Il primo incontro con Violè è stato in occasione della II Edizione Diritti in Scena – che si è tenuta al Teatro Italia di Roma, domenica 18 maggio 2014 – e che è risultato uno degli spettacoli vincitori. Prodotto da Khoreia 2000, Viole’ di e con Angela Micieli per la regia di Rosy Parrotta, è stato uno spettacolo fortemente caldeggiato da me che ero in giuria soprattutto per il testo. Ho letto quindi con interesse il libro confermando una piena rispondenza con la messa in scena che focalizza l’attenzione proprio sul racconto intimo nel quale i dialoghi sembrano raccontati dalla protagonista in un diario, una dolorosa anamnesi.
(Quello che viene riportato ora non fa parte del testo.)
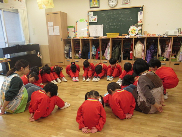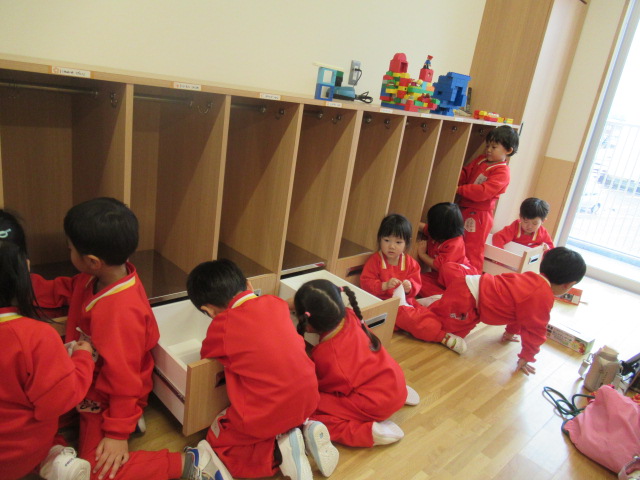 【3歳児 大掃除とカルタ遊び】自分のロッカーは、自分できれいにするよ。お掃除の後は、お楽しみタイム!

Violè è un nome, quello della protagonista, una parola troncata che richiama un nome, una parola spezzata che indica violenza. Violetta come i fiori preferiti della mamma, il suo profumo preferito, la violetta di Parma, che alla ragazza dà la nausea, come la signora delle camelie, come la traviata, “Violetta uccisa dall’ipocrisia del perbenismo, dai pregiudizi”. Un racconto semplice, ben strutturato, che ha un buon ritmo, commovente ma non lacrimevole perché il messaggio della protagonista non è né di rivalsa, né di denuncia, è di coraggio senza riscatto; fatto di generosità e di curiosità. E’ la riaffermazione più alta della dignità umana, la conoscenza condivisa che sarà la vocazione di Violè.

Dietro questa ambivalenza si snoda la vicenda. Una donna si racconta, mette a nudo i suoi ricordi tanto lontani quanto dolorosi, si rivela per quella che è fuori dagli schemi, mostra le sue angosce, le sue paure, ma anche il suo andare avanti nonostante tutto. La protagonista appare come una vedova della vita, eppure in qualche modo rimasta adolescente, incantata e incatenata a quella vita che le hanno rubato. E’ una storia di violenza, di trascuratezza, la più grave, quella di una madre. Tutti le dicono “attenta”, quasi fosse un presagio di sciagura, ma nessuno fa veramente qualcosa per lei e tutti sono accusati anche se Violetta nella sua memoria trova posto per la pietà, almeno verso se stessa, e si apre all’amore per quel bambino mai nato e tanto desiderato piuttosto che per la rabbia. Violetta, in fondo “è affamata di vita e di amore”, che non ama quel profumo dolciastro, le dà la nausea.

Attenta Violè”, è l’esordio del libro, il solito incubo che torna tutte le notti. E’ in una stanza tutta bianca che però la rassicura, solo una tenda rosso sgargiante rompe la monotonia e la diverte come il cubo di Rubik che deve comporre, ogni faccia un colore e lei da mesi ci prova. Si dichiara subito dove ci si trova: una comunità d’accoglienza con regole rigide che però contribuiscono, a farla sentire sicura. Quello che più le piace sono i libri. “I libri parlano in silenzio, all’anima” e non sono come la scuola dove c’è il dovere e il giudizio. I libri diventeranno la sua salvezza e la sua vita, il suo viaggio di libertà.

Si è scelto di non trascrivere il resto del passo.